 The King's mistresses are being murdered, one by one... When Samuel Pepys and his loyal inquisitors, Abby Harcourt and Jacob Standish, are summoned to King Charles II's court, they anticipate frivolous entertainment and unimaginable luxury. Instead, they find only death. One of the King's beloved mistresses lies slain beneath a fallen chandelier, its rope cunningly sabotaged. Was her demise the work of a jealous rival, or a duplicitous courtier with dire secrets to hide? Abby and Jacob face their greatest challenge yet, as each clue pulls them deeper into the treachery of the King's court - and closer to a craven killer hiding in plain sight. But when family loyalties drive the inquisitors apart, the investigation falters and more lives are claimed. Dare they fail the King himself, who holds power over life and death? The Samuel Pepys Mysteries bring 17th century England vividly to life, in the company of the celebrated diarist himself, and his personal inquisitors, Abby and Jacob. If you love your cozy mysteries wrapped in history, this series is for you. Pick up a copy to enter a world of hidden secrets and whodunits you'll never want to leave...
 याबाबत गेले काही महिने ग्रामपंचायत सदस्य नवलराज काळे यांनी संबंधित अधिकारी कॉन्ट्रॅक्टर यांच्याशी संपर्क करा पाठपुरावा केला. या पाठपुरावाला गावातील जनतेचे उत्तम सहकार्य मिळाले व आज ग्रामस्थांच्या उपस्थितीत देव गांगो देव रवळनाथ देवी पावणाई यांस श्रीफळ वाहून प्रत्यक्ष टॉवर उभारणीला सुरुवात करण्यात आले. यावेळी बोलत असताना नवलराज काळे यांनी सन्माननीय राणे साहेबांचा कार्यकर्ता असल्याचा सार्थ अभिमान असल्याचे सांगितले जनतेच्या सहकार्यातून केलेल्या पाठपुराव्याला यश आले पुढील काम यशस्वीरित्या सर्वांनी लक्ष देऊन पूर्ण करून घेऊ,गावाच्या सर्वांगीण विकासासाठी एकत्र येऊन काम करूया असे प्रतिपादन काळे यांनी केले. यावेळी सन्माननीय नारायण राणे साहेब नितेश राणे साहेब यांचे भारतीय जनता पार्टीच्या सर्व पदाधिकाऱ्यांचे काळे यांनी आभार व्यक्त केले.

┄┄┄┄┄┄

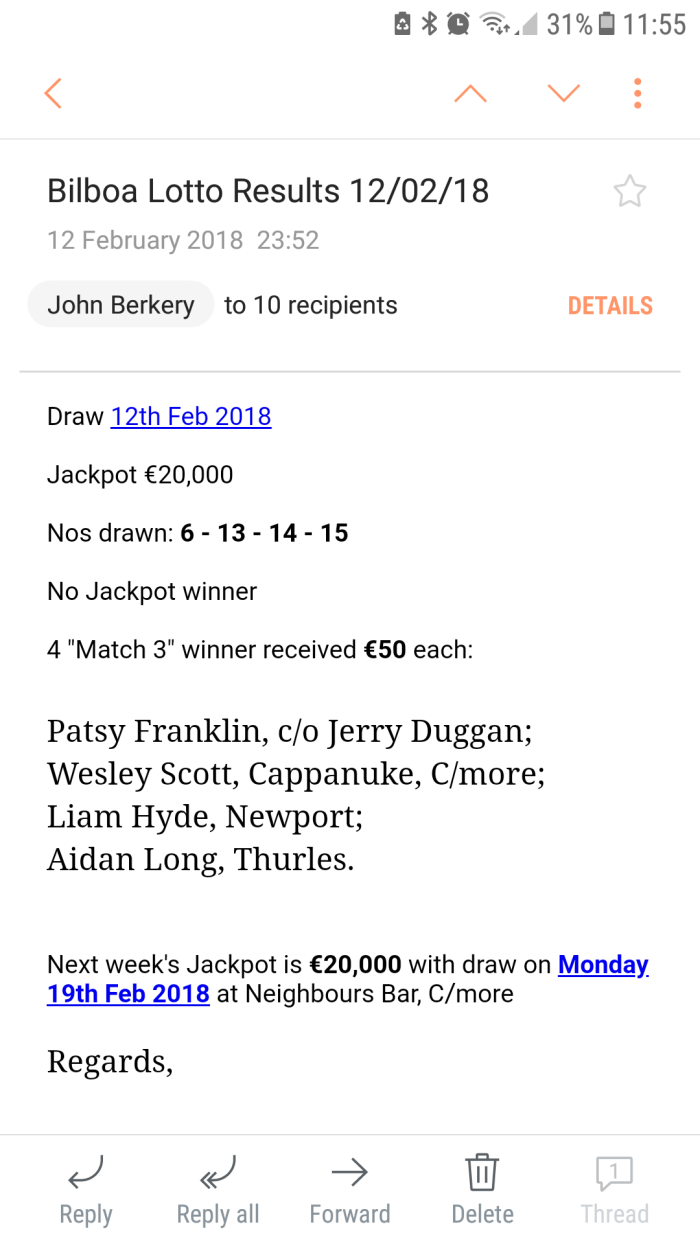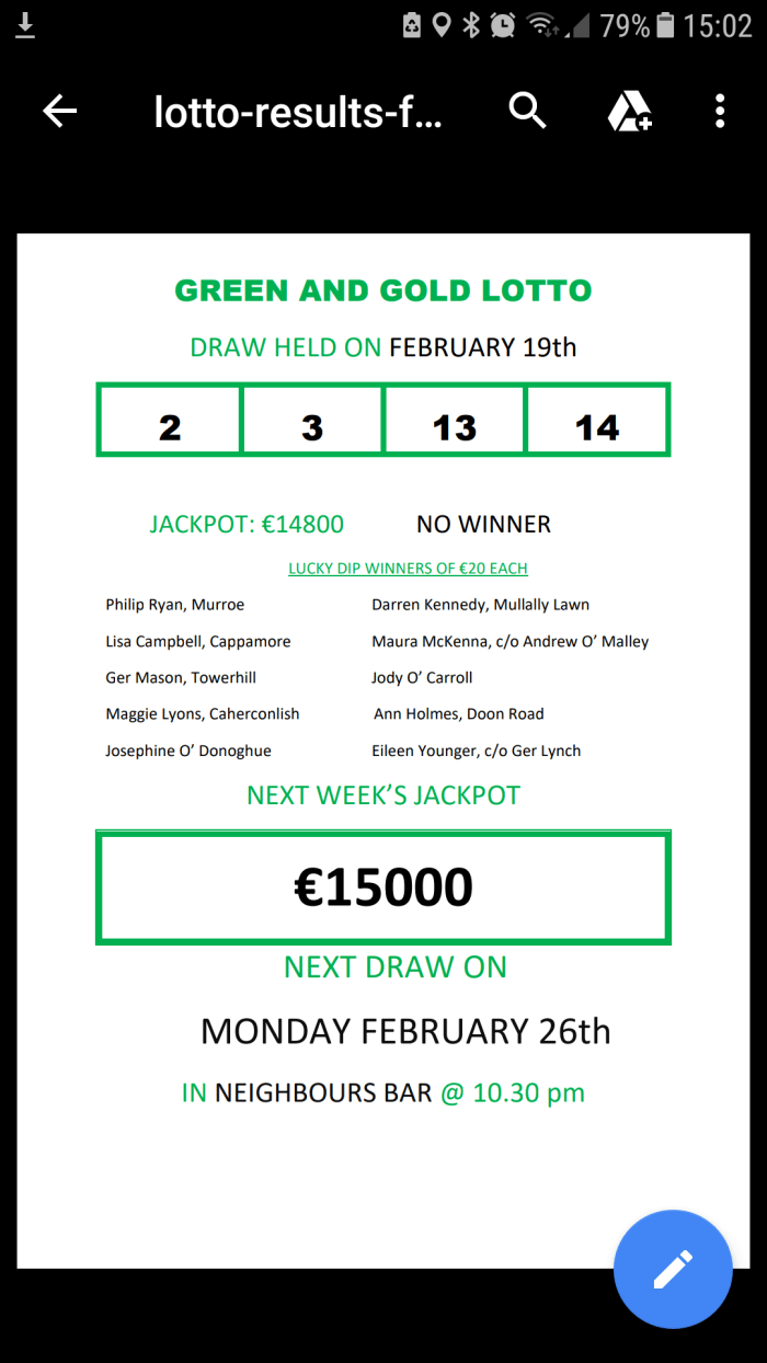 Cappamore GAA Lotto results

┄┄┄┄┄┄

▶ [YOUR ASSIGNMENT] When you reach the line with "The King's mistresses" in the records above, start writing out lines exactly, and stop once the line with "याबाबत गेले काही" has been written; include nothing else.

▶ [RESULT FOR THIS TASK]
 The King's mistresses are being murdered, one by one... When Samuel Pepys and his loyal inquisitors, Abby Harcourt and Jacob Standish, are summoned to King Charles II's court, they anticipate frivolous entertainment and unimaginable luxury. Instead, they find only death. One of the King's beloved mistresses lies slain beneath a fallen chandelier, its rope cunningly sabotaged. Was her demise the work of a jealous rival, or a duplicitous courtier with dire secrets to hide? Abby and Jacob face their greatest challenge yet, as each clue pulls them deeper into the treachery of the King's court - and closer to a craven killer hiding in plain sight. But when family loyalties drive the inquisitors apart, the investigation falters and more lives are claimed. Dare they fail the King himself, who holds power over life and death? The Samuel Pepys Mysteries bring 17th century England vividly to life, in the company of the celebrated diarist himself, and his personal inquisitors, Abby and Jacob. If you love your cozy mysteries wrapped in history, this series is for you. Pick up a copy to enter a world of hidden secrets and whodunits you'll never want to leave...
 याबाबत गेले काही महिने ग्रामपंचायत सदस्य नवलराज काळे यांनी संबंधित अधिकारी कॉन्ट्रॅक्टर यांच्याशी संपर्क करा पाठपुरावा केला. या पाठपुरावाला गावातील जनतेचे उत्तम सहकार्य मिळाले व आज ग्रामस्थांच्या उपस्थितीत देव गांगो देव रवळनाथ देवी पावणाई यांस श्रीफळ वाहून प्रत्यक्ष टॉवर उभारणीला सुरुवात करण्यात आले. यावेळी बोलत असताना नवलराज काळे यांनी सन्माननीय राणे साहेबांचा कार्यकर्ता असल्याचा सार्थ अभिमान असल्याचे सांगितले जनतेच्या सहकार्यातून केलेल्या पाठपुराव्याला यश आले पुढील काम यशस्वीरित्या सर्वांनी लक्ष देऊन पूर्ण करून घेऊ,गावाच्या सर्वांगीण विकासासाठी एकत्र येऊन काम करूया असे प्रतिपादन काळे यांनी केले. यावेळी सन्माननीय नारायण राणे साहेब नितेश राणे साहेब यांचे भारतीय जनता पार्टीच्या सर्व पदाधिकाऱ्यांचे काळे यांनी आभार व्यक्त केले.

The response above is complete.